* **INFORMATION**

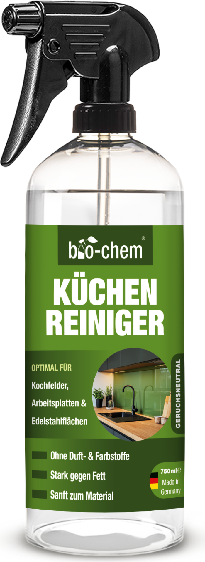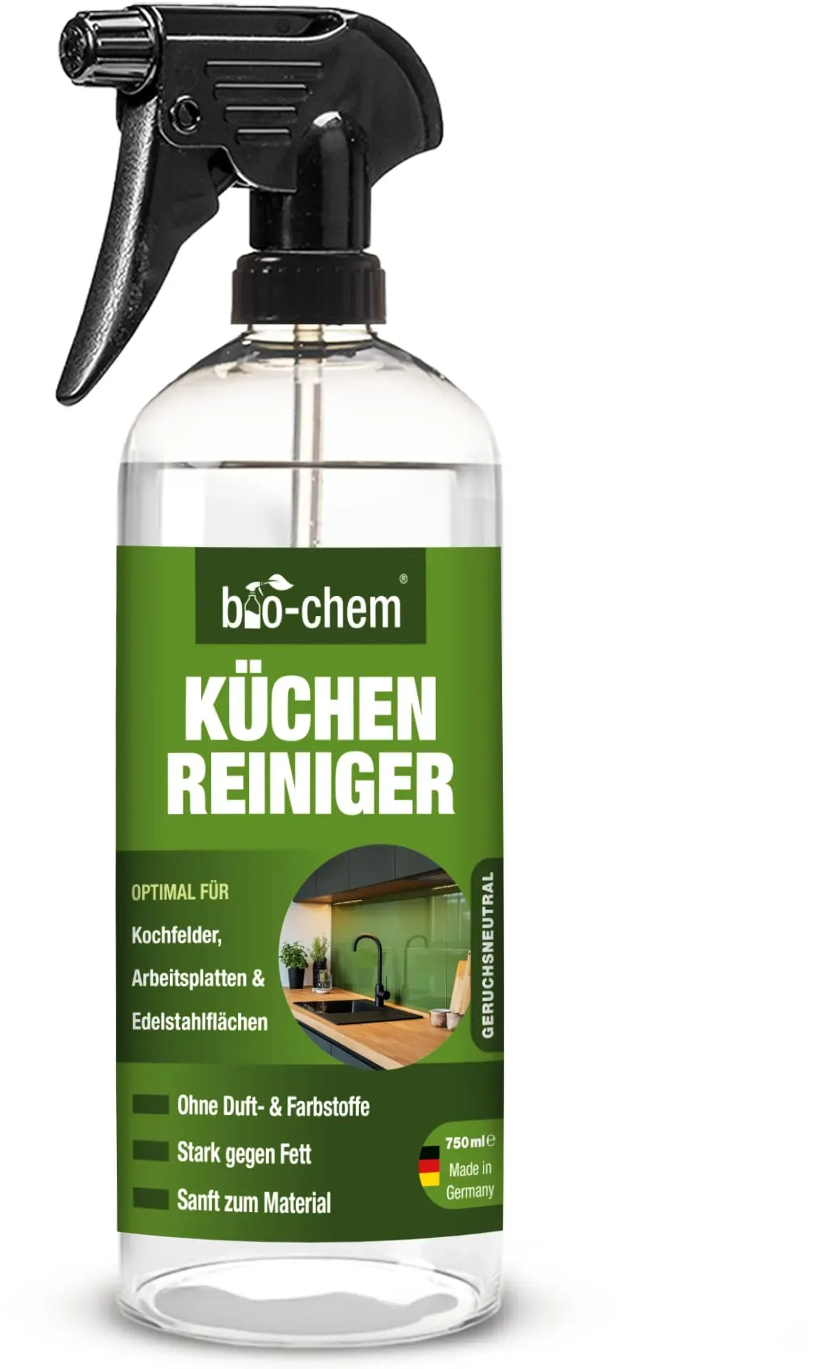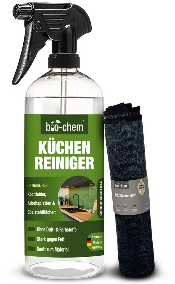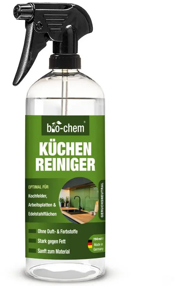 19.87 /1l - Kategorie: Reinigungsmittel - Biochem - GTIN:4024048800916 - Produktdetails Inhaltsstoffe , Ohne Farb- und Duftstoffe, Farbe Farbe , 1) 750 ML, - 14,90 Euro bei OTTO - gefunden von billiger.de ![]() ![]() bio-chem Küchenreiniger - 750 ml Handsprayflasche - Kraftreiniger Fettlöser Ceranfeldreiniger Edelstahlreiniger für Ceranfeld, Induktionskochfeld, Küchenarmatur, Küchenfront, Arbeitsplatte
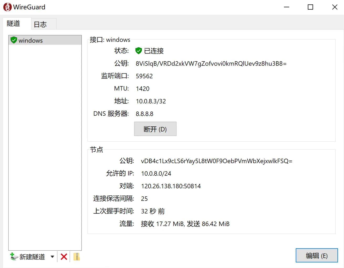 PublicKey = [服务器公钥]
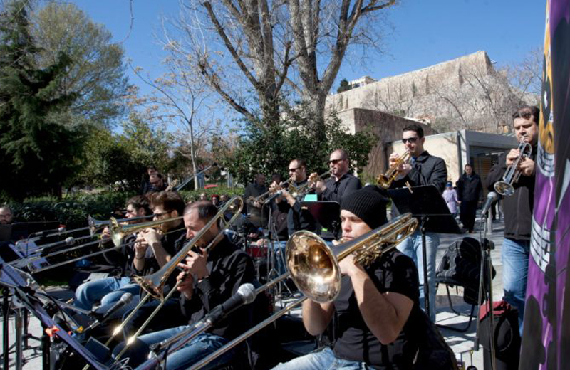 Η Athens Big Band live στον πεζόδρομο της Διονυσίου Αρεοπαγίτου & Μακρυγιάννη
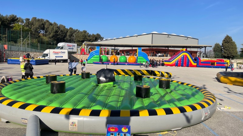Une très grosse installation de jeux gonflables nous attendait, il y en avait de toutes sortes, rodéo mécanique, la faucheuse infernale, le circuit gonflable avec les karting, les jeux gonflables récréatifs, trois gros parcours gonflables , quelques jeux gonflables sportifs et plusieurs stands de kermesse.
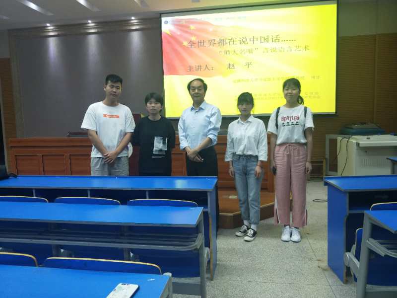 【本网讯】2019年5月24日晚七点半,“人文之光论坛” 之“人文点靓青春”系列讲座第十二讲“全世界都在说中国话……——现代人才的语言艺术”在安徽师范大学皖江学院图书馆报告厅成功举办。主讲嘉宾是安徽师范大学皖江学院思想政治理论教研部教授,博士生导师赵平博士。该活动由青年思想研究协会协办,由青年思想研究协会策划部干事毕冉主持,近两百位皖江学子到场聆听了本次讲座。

* **YOUR TASK**
What you return must match, character for character, the lines above from the one with "PublicKey = [服务器公钥]" through the one with "Η Athens Big", minus any pictures.

* **ANSWER TO THIS PROBLEM**
 PublicKey = [服务器公钥]
 Η Athens Big Band live στον πεζόδρομο της Διονυσίου Αρεοπαγίτου & Μακρυγιάννη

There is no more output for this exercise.